Потом я пошел на беседу и скромно сел в тени, подальше от всех. Я ведь был уже почти посторонний театру. Народу было много, хотя значительно меньше, чем в прошлый раз. Мне бросилось в глаза то обстоятельство, что премьеры сидели не за большим столом, а в задних рядах, тогда как спереди, ближе к председательскому месту, то есть к Ремеслову, расположились сотрудники, ученики и вторые актеры.
— Плохой знак для Ремеслова! — подумал я.
После вчерашней беседы и после дебатов накануне в уборной Рассудова Ремеслов держался несравненно скромнее.
“Первый запал сбили”,— решил я.
В своем вступлении в начале беседы Ремеслов с горечью признался в том, что его программа энергичной работы не встретила сочувствия, и потому он уступает желанию большинства, но снимает с себя ответственность за продуктивность предстоящей беседы.
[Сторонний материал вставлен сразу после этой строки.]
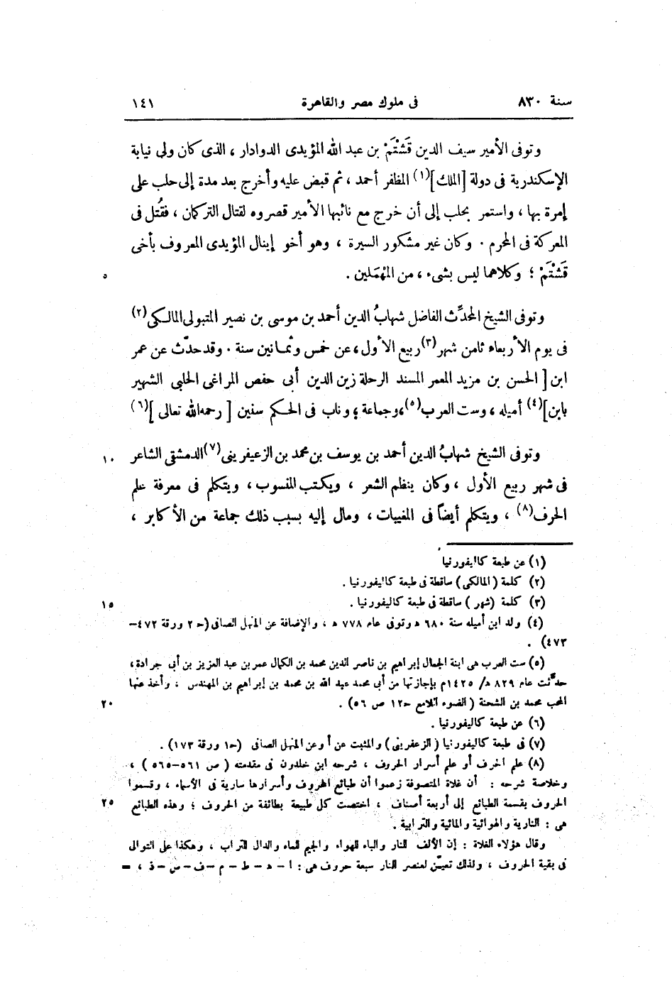 وتوفى الشيخ شهاب الدين أحمد بن يوسف بن محمد بن الزعيفرينى «7» الدمشقى الشاعر فى شهر ربيع الأول، وكان ينظم الشعر، ويكتب المنسوب، ويتكلم فى معرفة علم الحرف «8» ، ويتكلم أيضا فى المغيبات، ومال إليه بسبب ذلك جماعة من الأكابر،
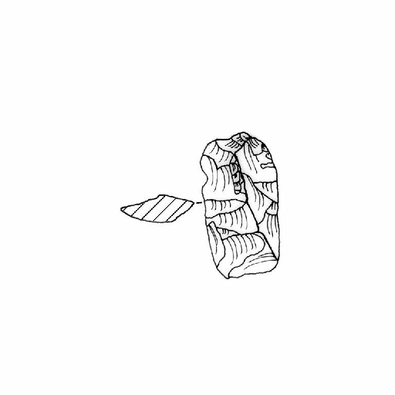 Grattatoio ritocco piatto, coprente bifacciale grossolano. Margini laterali convergenti al basso, base rettilinea, margine superiore arrotondato. Sezione covessa. Superficie lucida screziata. Colore giallo oliva 2,5Y6/8 bruno vivo 2,5YR5/8.
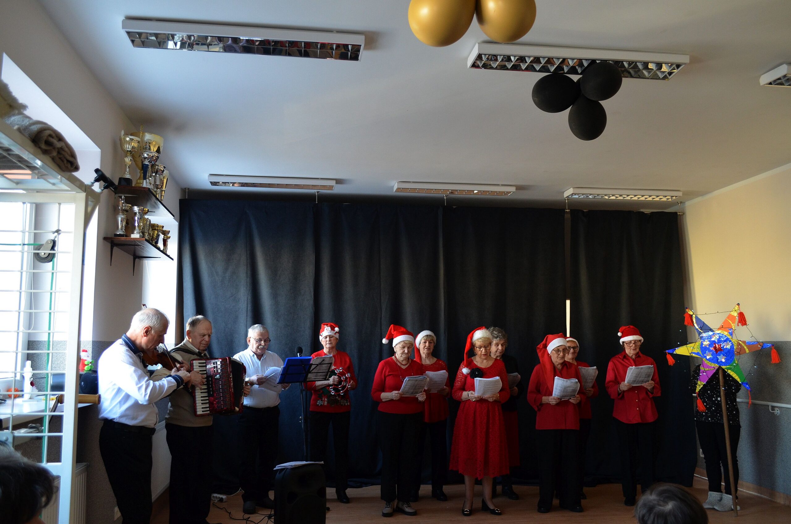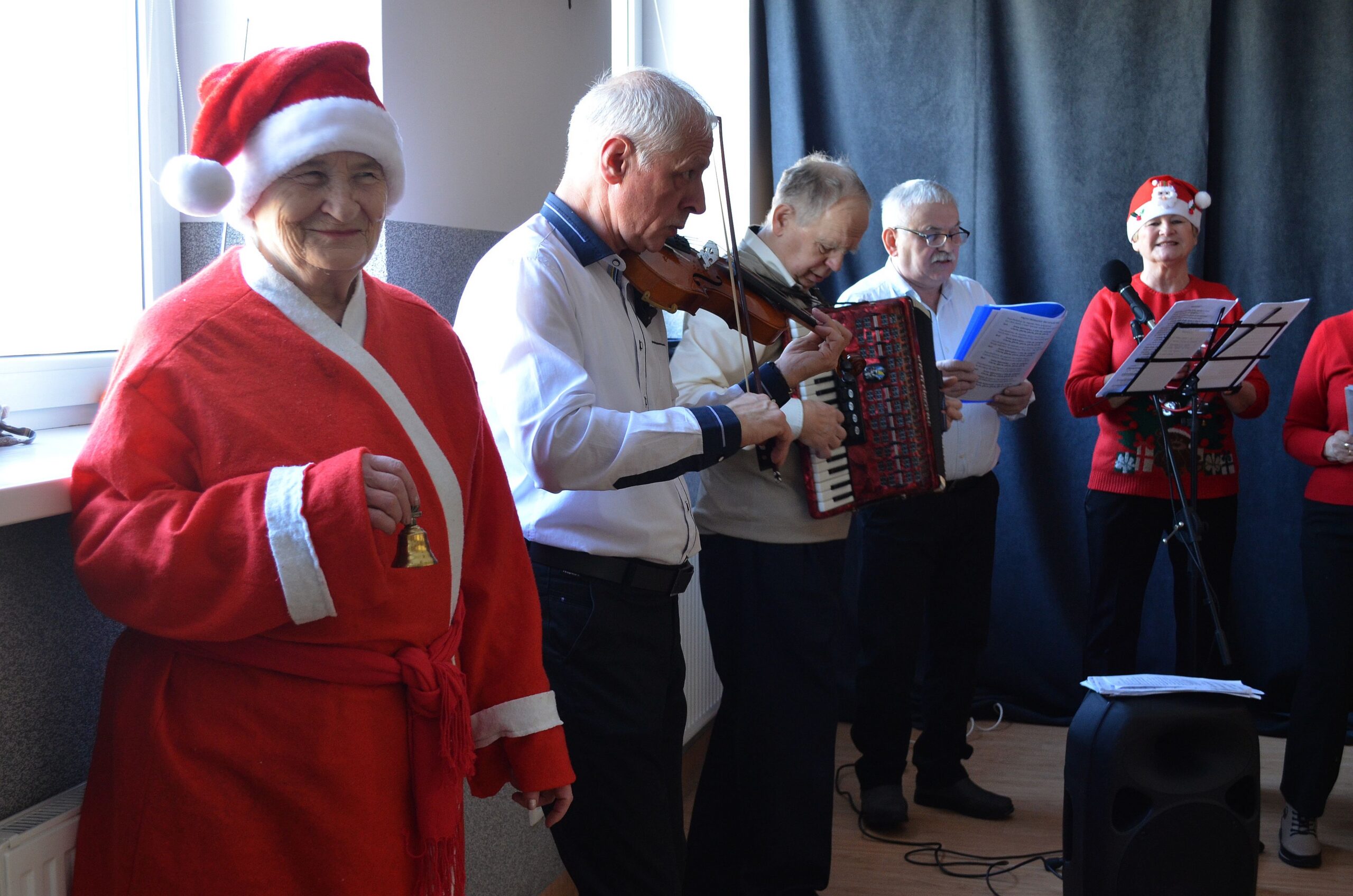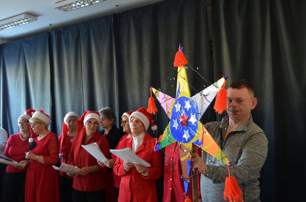 Słuchacze Uniwersytetu Trzeciego Wieku z radością wzięli udział w gościnnym występie kolędniczym w Środowiskowym Domu Samopomocy w Łapach, dzieląc się muzyką i świątecznym nastrojem.
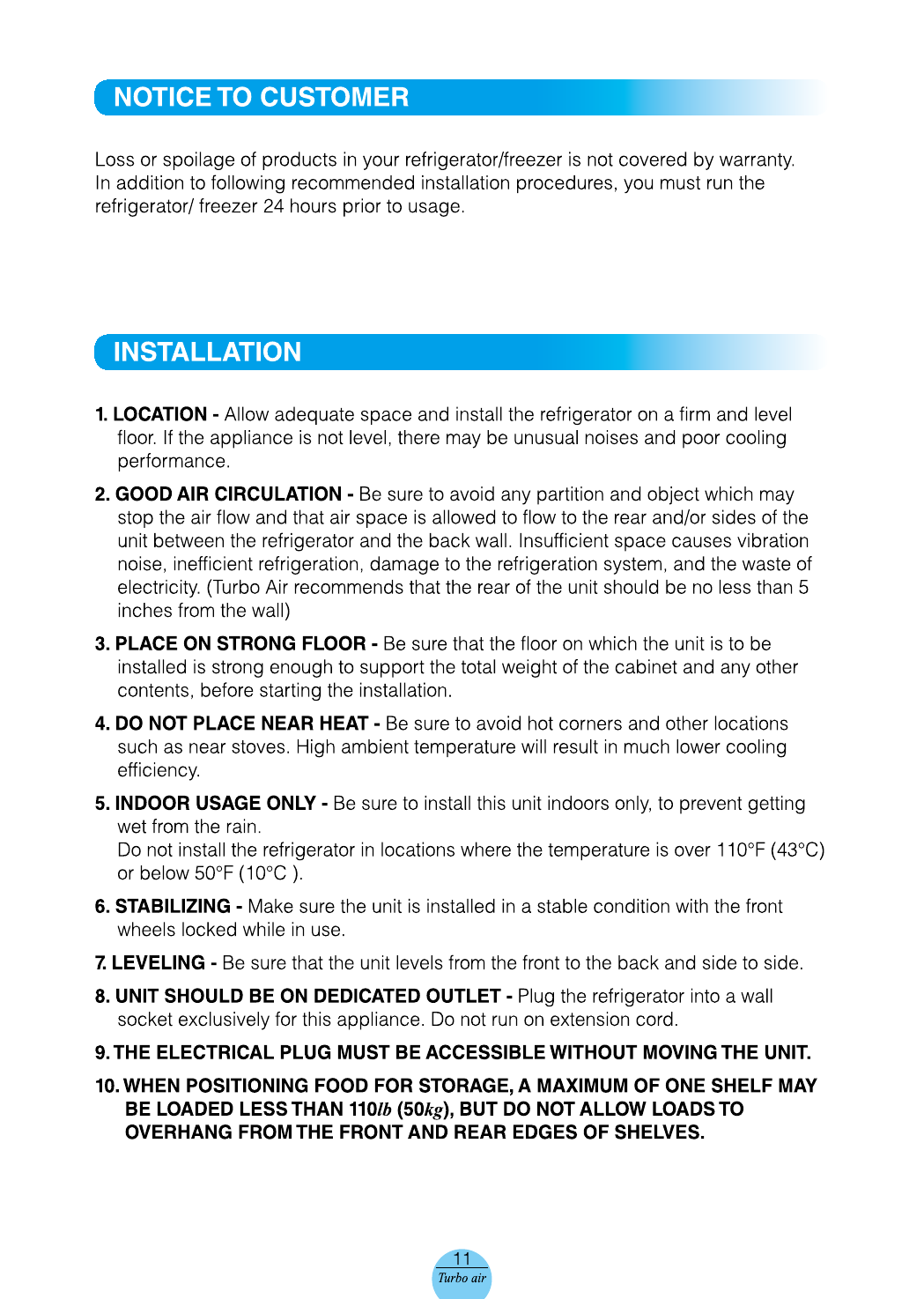 Turbo Air Manuals
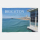 A beautiful view of Brighton beach from the Pier on a sunny day printed on a souvenir tea towel.
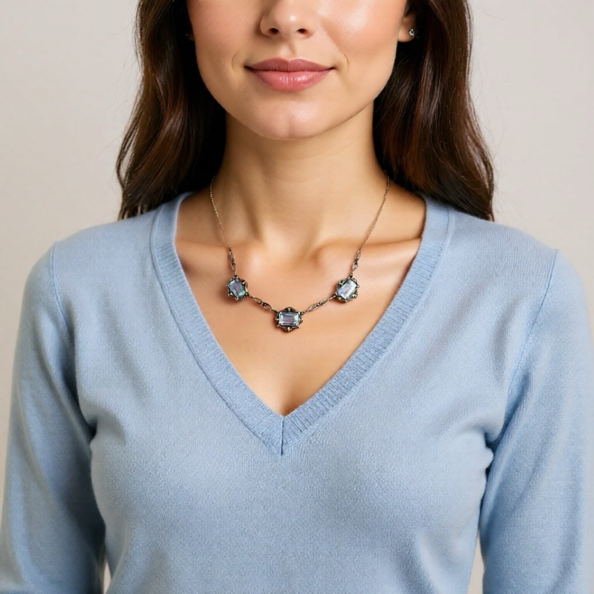 Zamansız bir zarafeti keşfedin: Antika Gümüş Iris Cam Art Deco Tarzı Kolye. Bu eşsiz tasarım, ışıkla buluştuğunda gökkuşağı tonlarında büyüleyici bir ışıltı yayan iris camı ile göz kamaştırır. Art Deco’nun zarif çizgileri ve geometrik estetiği ile bir araya gelen bu kolye, geçmişin büyüsünü modern stil anlayışıyla buluşturuyor. Günlük stilinize sofistike bir dokunuş katmak veya özel anlarınıza Art Deco’nun ikonik şıklığını taşımak için mükemmel bir seçim.
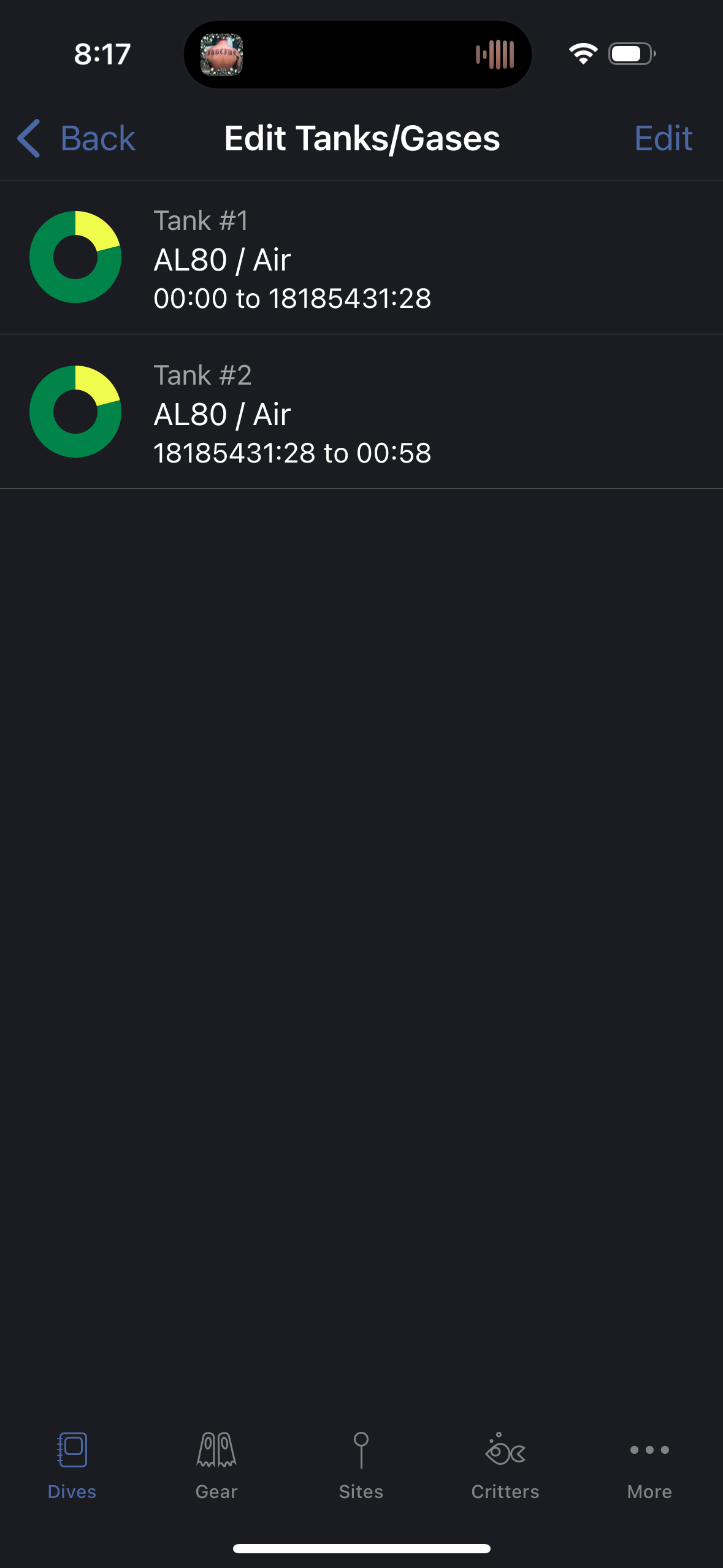 -[bug] When importing, my gas consumption data gets corrupted. First, MacDive creates two tanks, although I’ve only dived with one. Second, the airtime is set as a massive number, which must be bigger than MacDive can handle, because if I click it to manually edit, the app crashes.
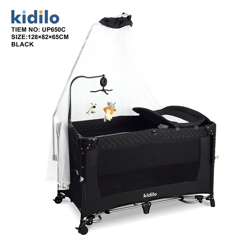 Kidilo Foldable Modern Newborn Travel Baby Portable Bedside Crib Bed 3 in 1 Luxury Set Mosquito Net for Babies UP650C
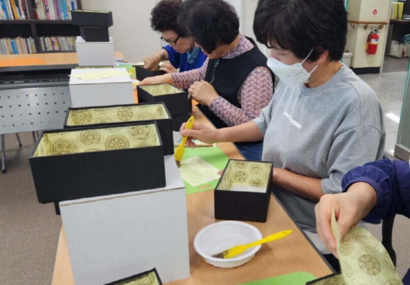 ▲ 사천시 장애인종합복지관 수강생들이 한지공예 수업을 하고 있다. [사천시 제공]
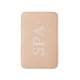 Bath mat mostrado em uma cor sólida de rosa esbranquiçado com texto branco SPA. Personalize este item e talvez adicione seu nome a ele ou ao comprar como está.
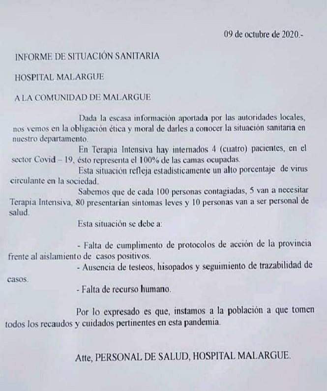 En una nota, fechada en el día de hoy, dirigida a la comunidad de Malargüe, personal de la Salud del Hospital Regional de Malargüe, dieron a conocer y alertaron sobre la crítica situación sanitaria por la que atraviesa el departamento del sur provincial.
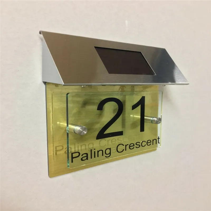 Современный Солнечный знак на дом Пожалуйста, оставьте номер двери и название улицы, которое вам требуется при оплате в примечаниях, или отправьте нам сообщение после покупки Современный солнечный светильник из нержавеющей стали (Номинальное значение ip44) 5 мм акриловая передняя пластина из прозрачного стекла Задняя панель с эффектом алюминия Поставляемые стойки и фиксаторы из нержавеющей стали Внешний глянцевый черный винил с вашим выбором номера и названия улицы или дома Times new roman (если не указано иное)Акриловый знак: 100/140 ммОбщая прибл. 170 мм/190 мм табличка
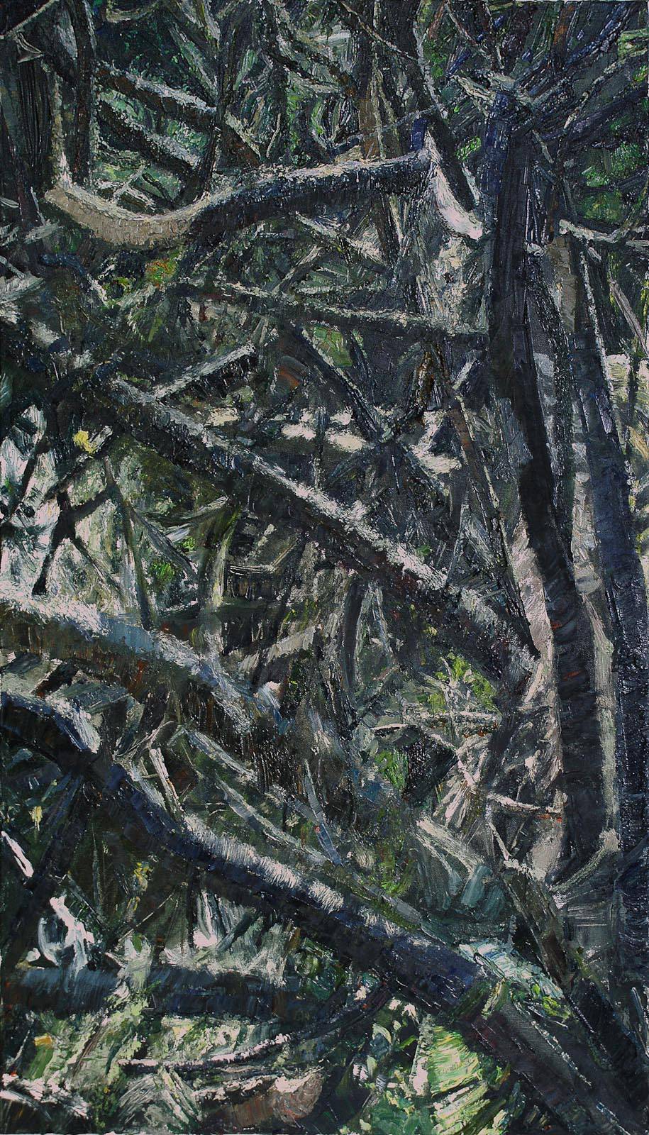 Obraz ukazuje gęstwę splątanych gałęzi, gdzie ciemne odcienie zieleni i brązu tworzą tajemniczy, niemal mistyczny nastrój. Światło migocze przez liście, dodając całości dynamiki i głębi. Kompozycja na pierwszy rzut oka wydaje się chaotyczna, ale im dłużej się w nią wpatrujemy, tym bardziej dostrzegamy ten przemyślany rytm natury. Technika, którą posłużył się artysta, to dynamiczna gra pociągłymi, teksturowanymi pociągnięciami pędzla, które sprawiają wrażenie ruchu, jakby wiatr poruszał konarami drzew. Nastrój dzieła jest z jednej strony przytłaczający, z drugiej – niezwykle intrygujący. Wywołuje uczucie zaszycia się w gęstwinie lasu, gdzie czas zanikł. Można poczuć echo przygody, niemal jak w "The Secret Garden". Myśli przemykają niczym leśne zwierzęta. Chciałoby się wejść do tej puszczy, zasłyszeć jej sekrety. Patrząc na obraz, można poczuć się jak odkrywca – wejdź i odkryj, co kryje się dalej.

Опять начались вчерашние ненужные разговоры, речи, доклады. Становилось нестерпимо скучно. Актеры поодиночке стали выходить из комнаты. Ремеслов торжествовал и нарочно не останавливал ораторов, когда они уклонялись в сторону от темы.
Но вот поспешно вошел Чувствов, а вскоре за ним на цыпочках, с утрированной, по-актерски сыгранной осторожностью вошел старый режиссер Бывалов и уселся поодаль, предварительно спросив разрешения присутствовать на беседе у “коллеги”, то есть у Ремеслова, и это было сделано не без театральной рисовки. Мы любили толстую небольшую фигуру Бывалова, с жирным лицом, большой лысиной и слащавой улыбкой из-под коротких стриженых усов.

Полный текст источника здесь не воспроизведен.